Runaway Love
 ――着信。

 ――……岡くんだ……。

 一瞬、ギクリと身体がこわばる。
 けれど、深呼吸して、通話を押した。

『あ、茉奈さん、今大丈夫ですか?』

「――……何」

 かろうじて出た言葉に、内心苦る。
 岡くんは、それには何も触れずに続けた。
『……驚きました。……まさか、他の男性と来るとは思わなかったので』
「え?」
『え?』
 ――他のって……誰の事言って……。
 そこまで考え、あたしはようやく気がついた。

 岡くんが会ったのは――前髪を切る前の、野口くんだ。

 だから、平然としていたのか。

 あたしは、ようやく納得する。
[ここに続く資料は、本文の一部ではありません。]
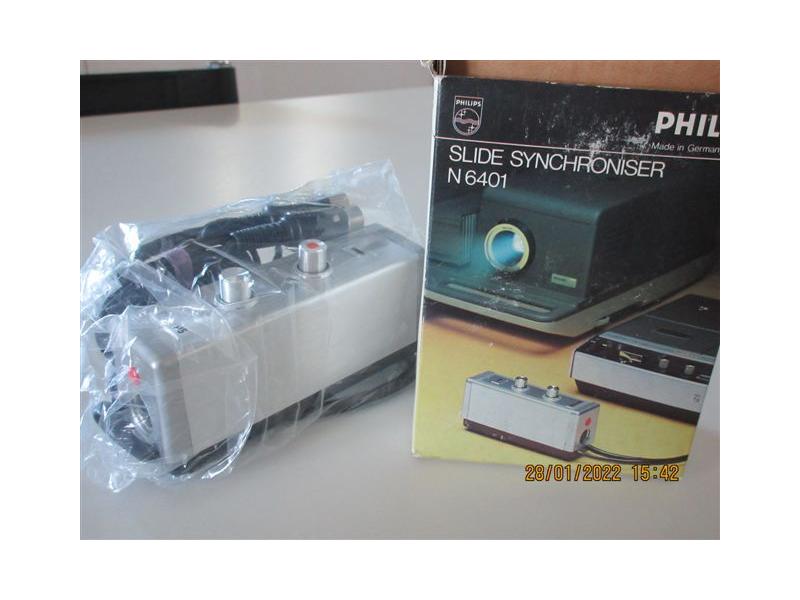 SINCRONIZZATORE Philips, questo sincronizzatore serve per sincronizzare il suono con la proiezione delle diapositive. Modello N6401, era molto usato in fotografia analogica. Si accoppiava con il registratore a cassette N2209AV . E' ancora imballato. Zona NOVARA

と、同時に、もし、気がついていたらと思ったら、背筋が凍った。
『茉奈さん?』
「え、あ、あのね……彼……野口くんよ」

『え』

 完全に、絶句している。
 それもそうだろう。
 以前(まえ)の姿しか知らない人は、彼が野口くんだとはわからないはずだ。
『……どこのモデルと一緒かと思いました……』
「中身は変わらないわよ」
 外見をどうこう言われるのは、野口くんの本意ではない。
 それは、間違いたくない。
『……そうですか……。でも、じゃあ、よく来ようと思いましたね』
「――……あたしだって、粘ったわよ。でも、無理だった」
 言い訳のようになるが、仕方ない。事実だ。
『……野口さん、距離置く、って、理解してますか?』
 少しだけ不機嫌そうに言う彼。その表情が簡単に想像できて、苦笑いが浮かぶ。
 たぶん、さっきの食事の件だろう。
「――……ああ、あのね、野口くん……無意識なのよ」
『え?』
「……本人も、昔からだって言ってたんだけど……無意識に、女性が勘違いするような事したり、言ったりするの。刷り込みみたい」
『……刷り込みって……』
 確かに、アレ(・・)が刷り込みとは、考えづらいだろう。
 お姉さん達の教育の賜物は、彼にとっては、あまり、ありがたくは無かったようだ。
「直したいとは言ってるんだけど、無意識だから、自分で気づかないのよ」
『……えっと……じゃあ、オレ、牽制されたとかじゃ……』
 あたしは、苦笑いして首を振る。
「違うんじゃない?本人、ケロッとしてたし」
『……ていうか……ライバル増えたのかと思いました……』
「そんな訳ないでしょ。そんな物好き、そうそう増えてたまるもんですか」
 半分自虐だ。
 ――こんな、つまらない女、相手にしてどうするの。
 浮かんでくるのは、そんな言葉。
『茉奈さん』
「え?」
『少なくとも、三人はいますからね』
「――……っ……」
『自覚、してますよね?』
 クギを刺され、あたしは、思わずふてくされた。

「――もう、とっくにしてるわよ!」

 すると、岡くんは、うれしそうに返した。

『ありがとうございます』

 何に対するお礼なのか聞きそびれたまま、彼は通話を終えた。

 ――……だから、考えたいのよ。

 あたしは、そう、心の中でボヤくと、スマホをバッグに投げ入れた。